(Collection entries)

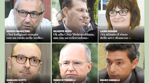 GIORGIO MARAZZINA - «Noi lodigiani sempre con un ruolo nelle scelte» GIUSEPPE SOZZI - «Ok alla Città Metropolitana, ma con un referendum» LAURA BORIANI - «Va attuato il riuso delle aree dismesse» GIANLUIGI SCOTTI - «Milano è il nostro traguardo …
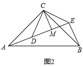 如图2,△ACB和△DCE均为等腰直角三角形,∠ACB=∠DCE=90°点A、D、E在同一直线上,CM为△DCE中DE边上的高,连接BE,请判断∠AEB的度数及线段CM、AE、BE之间的数量关系,并说明理由.
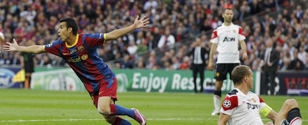 El canario Pedro Rodríguez celebra el tanto que adelantó al Barcelona en la final.
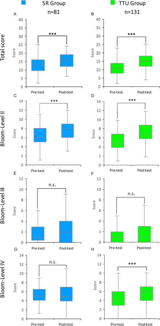 The comparison of the pre- and post-test results showed that both the SR group (n=81, p<0.001, r=0.44, Mdpre=13, Mdpost=16) and the TTU group (n=131, p<0.001, r=0.55, Mdpre=11, Mdpost=15) achieved a significant total score increase.
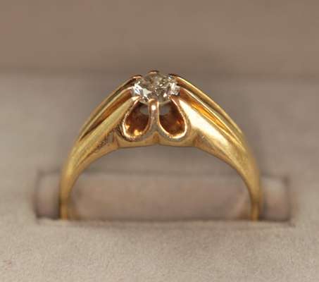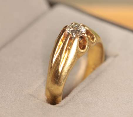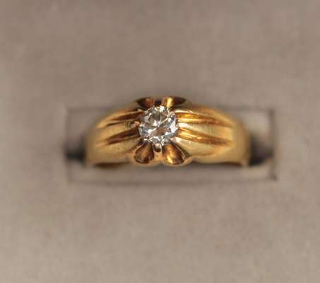 claw set with a circular brilliant cut diamond, reeded shoulders
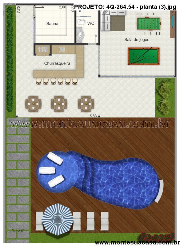 Área externa com lazer e entretenimento O destaque do projeto está na área de lazer nos fundos. A piscina com formato orgânico inclui uma seção rasa com cadeiras submersas e uma área de deck com espreguiçadeiras. Há também uma sauna, sala de jogos com mesa de sinuca e pebolim, além de um espaço gourmet com churrasqueira e mesas para refeições ao ar livre. O ambiente é ideal para receber convidados e aproveitar momentos de descanso.
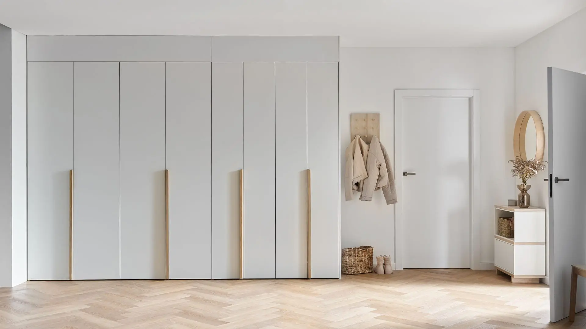 Dopasowane fronty i spójny kolor sprawią, że szafa „wtopi się” w aranżację.
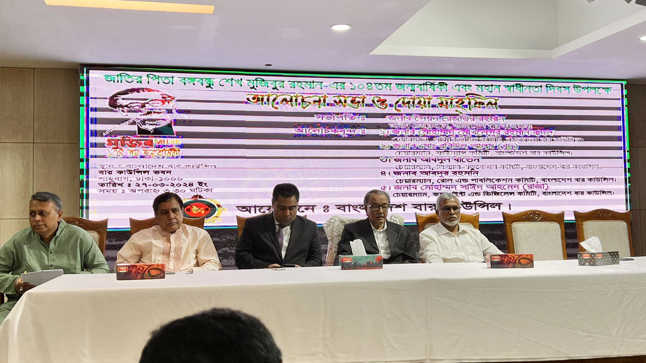 বুধবার (২৭ মার্চ) বার কাউন্সিল ভবনে বঙ্গবন্ধু শেখ মুজিবুর রহমানের ১০৪তম জন্মবার্ষিকী এবং স্বাধীনতা দিবস উপলক্ষ্যে আয়োজিত আলোচনা সভায় বক্তারা এ কথা বলেন।
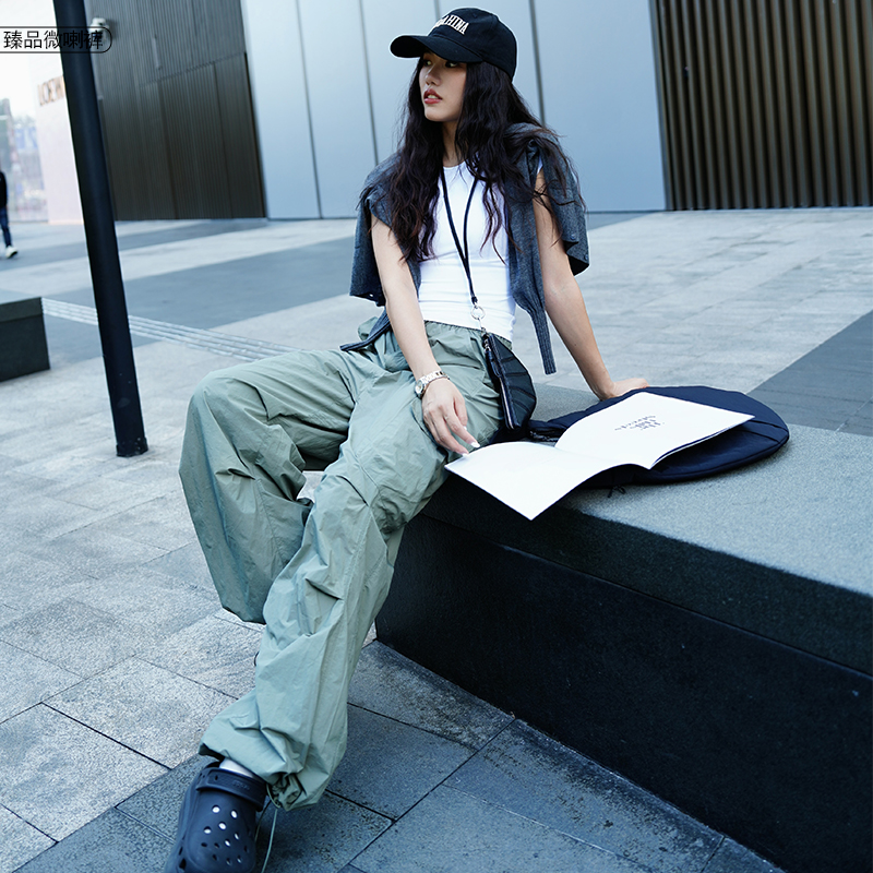 哈瓦塔女士抽绳高腰降落伞工装裤H341120
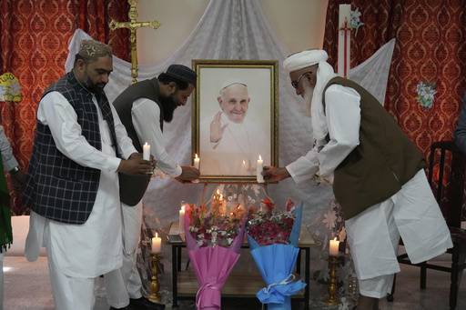 GRIEF AT THE VATICAN AND BEYOND The body of Pope Francis lies in an open casket as cardinals hold the rite of the declaration of death in Santa Marta residence at the Vatican on April 21. Elsewhere across the globe, the late Pontiff is honored in solemn rituals like the procession held in Dili, Timor-Leste, and with shrines that draw acts of reverence even from non-Christians, like the Muslim clerics in Lahore, Pakistan). —REUTERS AND AP
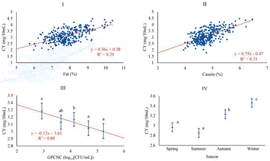 Least squares means and 95% CI of curd yield (CY) across significant variables (I: FAT (%); II: CAS (%); III: GPCNC, gram-positive catalase-negative cocci (log10[CFU/mL]); IV: season). When the trend line is presented, it means that the linear contrast (₋ ₋ ₋) was significant at p < 0.05. Means with different superscript letters are different at p < 0.05 (SNK test).
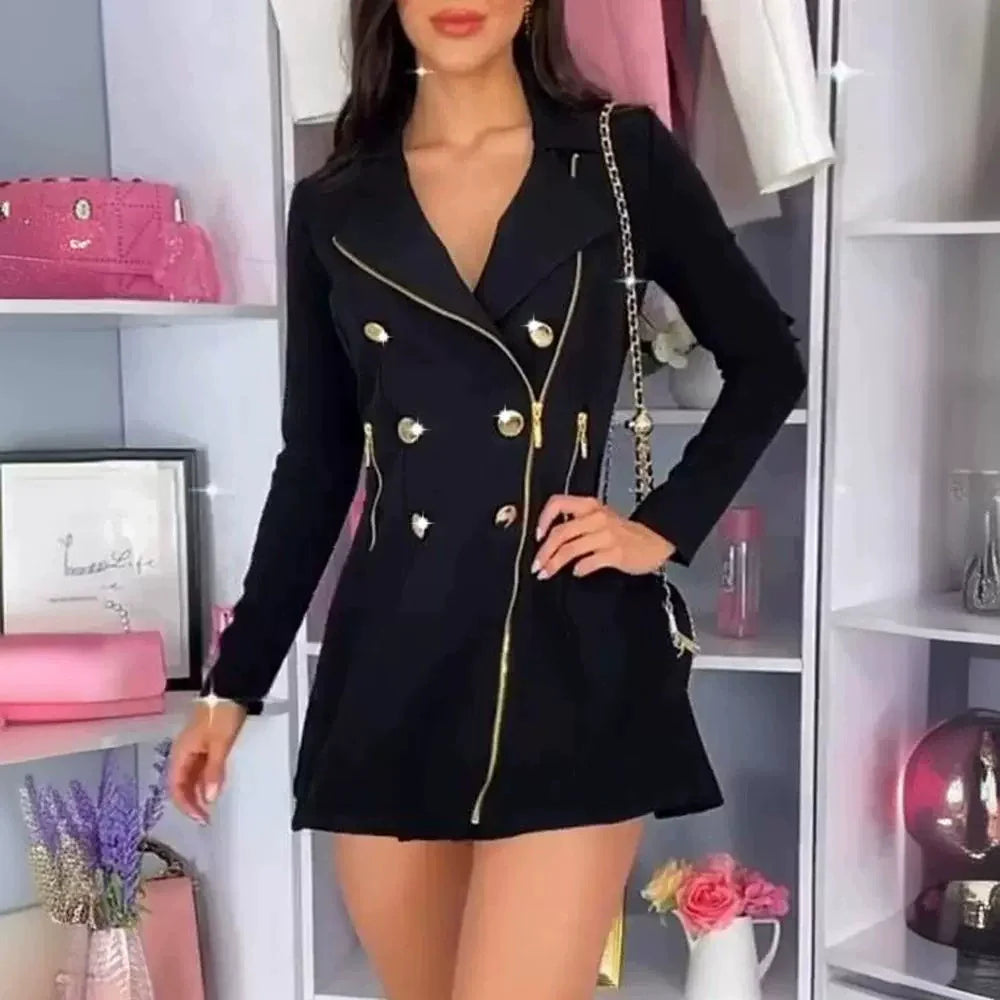 Asymmetric Zipper Detail Slim Fit Suit Dress by Couture-Moda: This chic women's suit dress features a slim fit, blazer-inspired design, and a modern asymmetric zipper. Perfect for a polished yet edgy look, this long-sleeve dress is a versatile addition to your wardrobe.
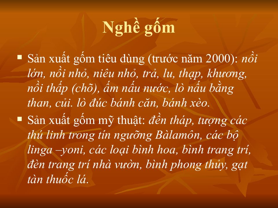 Sản xuất gốm tiêu dùng (trước năm 2000): nồi lớn, nồi nhỏ, niêu nhỏ, trả, lu, thạp, khương, nồi thấp (chõ), ấm nấu nước, lò nấu bằng than, củi. lò đúc bánh căn, bánh xèo. Sản xuất gốm mỹ thuật: đền tháp, tượng các thú linh trong tín ngưỡng Bàlamôn, các bộ linga –yoni, các loại bình hoa, bình trang trí, đèn trang trí nhà vườn, bình phong thủy, gạt tàn thuốc lá.
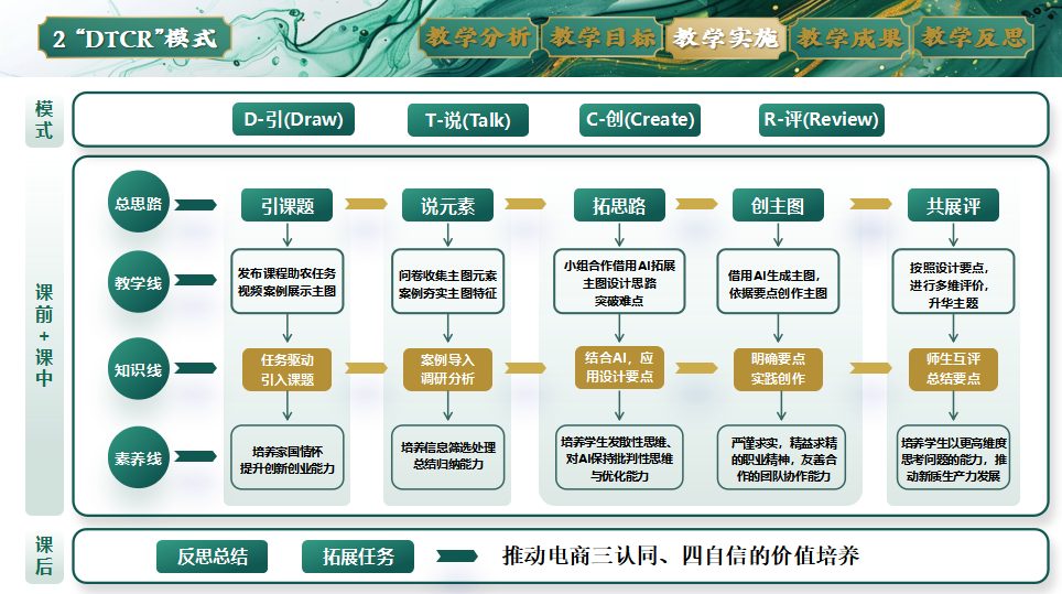 公开课后,叶露露老师围绕课程教材选用、教学目标设定、思政融入方法、教学重难点突破、AI 教学手段应用、教学过程设计及教学反思等内容进行了 10 分钟说课,系统阐述了课程 “启智、提质、增效” 的设计理念。教学督导点评指出,本节公开课 “技术赋能有新意、思政融入有深度、实践导向有力度”,通过 AI 工具与真实项目的结合,有效破解了视觉营销设计教学中的创意瓶颈,为电商专业课程改革提供了可复制的示范样本,充分体现了职业教育服务产业、助力乡村振兴的育人导向。
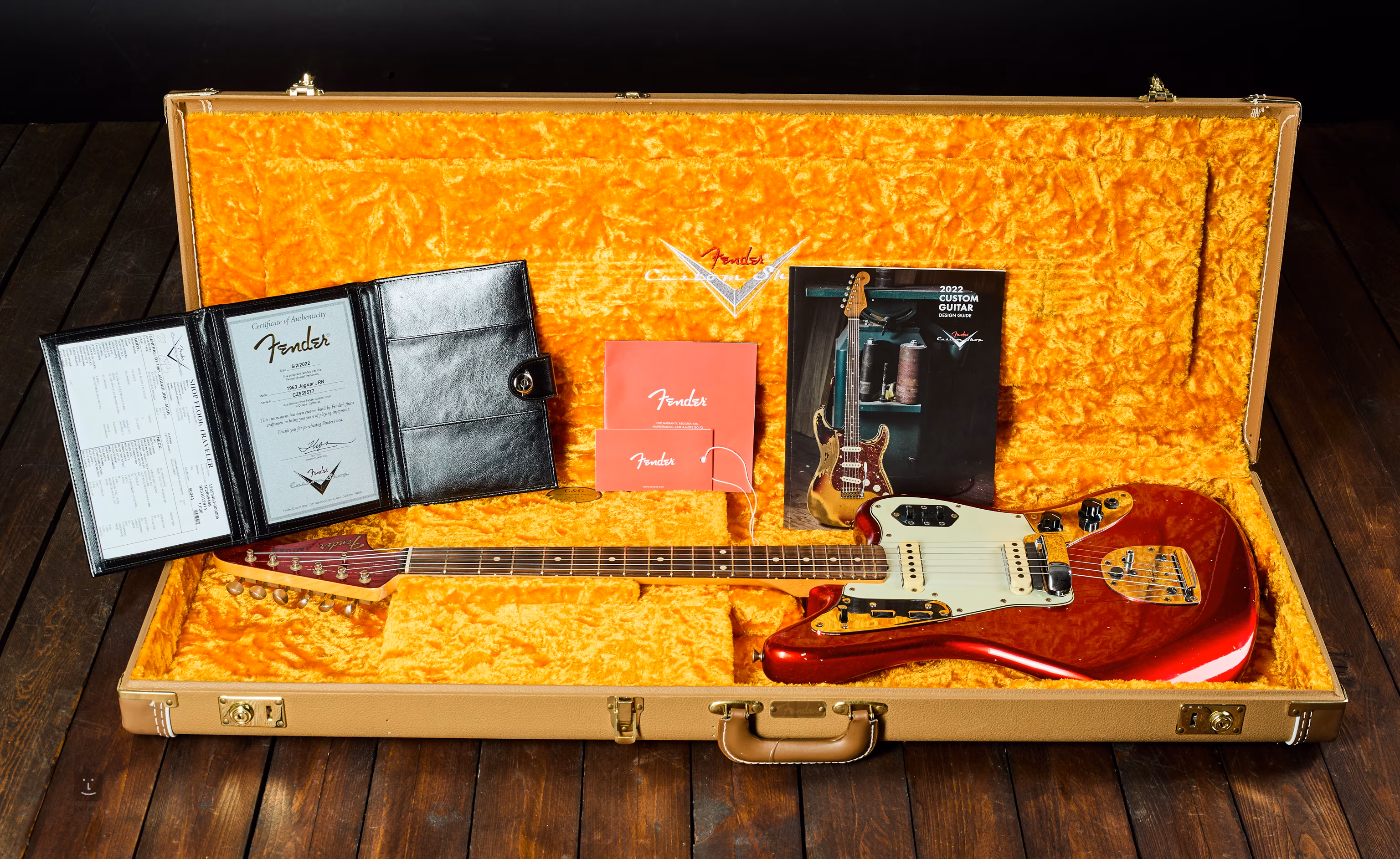 Der Korpus besteht aus zwei Stücken handverlesener Erle, die aufgrund ihres geringen Gewichts und ihrer geeigneten Struktur ausgewählt wurde. Das stilvolle Design und die kürzere Mensur machen dieses Instrument zu einem Muss für alle, die das Spielen in jeder Hinsicht genießen möchten. Der Ahorn-Hals, der senkrecht zu den Ringen geschnitten ist (Rift Sawn) und das zeitgenössische Profil „62 Jaguar“ aufweist, ist mit einem Palisandergriffbrett der Qualität AAA mit 22 Narrow Tall-Bünden versehen. Der Klang wird von zwei Custom Shop Vintage-Style-Jaguar-Tonabnehmern aufgenommen, die mit ihrer Leistung jeden Röhrenverstärker leicht in einen warmen Overdrive versetzen. Für Klangänderungen dient, wie für Jaguar-Gitarren typisch, eine komplexe Umschaltfunktion. Die Saiten sind über den Nullsattel aus Knochen in Stimmmechaniken im Vintage-Design und einem Jaguar-Floating-Tremolo befestigt.

• **AIM OF THE EXERCISE**:
A word-for-word reproduction is needed of the lines above from the line containing "বুধবার (২৭ মার্চ)" through the line containing "Sản xuất gốm tiêu", with both ends kept and no pictures.

• **SOLUTION TO THIS EXERCISE**:
 বুধবার (২৭ মার্চ) বার কাউন্সিল ভবনে বঙ্গবন্ধু শেখ মুজিবুর রহমানের ১০৪তম জন্মবার্ষিকী এবং স্বাধীনতা দিবস উপলক্ষ্যে আয়োজিত আলোচনা সভায় বক্তারা এ কথা বলেন।
 哈瓦塔女士抽绳高腰降落伞工装裤H341120
 GRIEF AT THE VATICAN AND BEYOND The body of Pope Francis lies in an open casket as cardinals hold the rite of the declaration of death in Santa Marta residence at the Vatican on April 21. Elsewhere across the globe, the late Pontiff is honored in solemn rituals like the procession held in Dili, Timor-Leste, and with shrines that draw acts of reverence even from non-Christians, like the Muslim clerics in Lahore, Pakistan). —REUTERS AND AP
 Least squares means and 95% CI of curd yield (CY) across significant variables (I: FAT (%); II: CAS (%); III: GPCNC, gram-positive catalase-negative cocci (log10[CFU/mL]); IV: season). When the trend line is presented, it means that the linear contrast (₋ ₋ ₋) was significant at p < 0.05. Means with different superscript letters are different at p < 0.05 (SNK test).
 Asymmetric Zipper Detail Slim Fit Suit Dress by Couture-Moda: This chic women's suit dress features a slim fit, blazer-inspired design, and a modern asymmetric zipper. Perfect for a polished yet edgy look, this long-sleeve dress is a versatile addition to your wardrobe.
 Sản xuất gốm tiêu dùng (trước năm 2000): nồi lớn, nồi nhỏ, niêu nhỏ, trả, lu, thạp, khương, nồi thấp (chõ), ấm nấu nước, lò nấu bằng than, củi. lò đúc bánh căn, bánh xèo. Sản xuất gốm mỹ thuật: đền tháp, tượng các thú linh trong tín ngưỡng Bàlamôn, các bộ linga –yoni, các loại bình hoa, bình trang trí, đèn trang trí nhà vườn, bình phong thủy, gạt tàn thuốc lá.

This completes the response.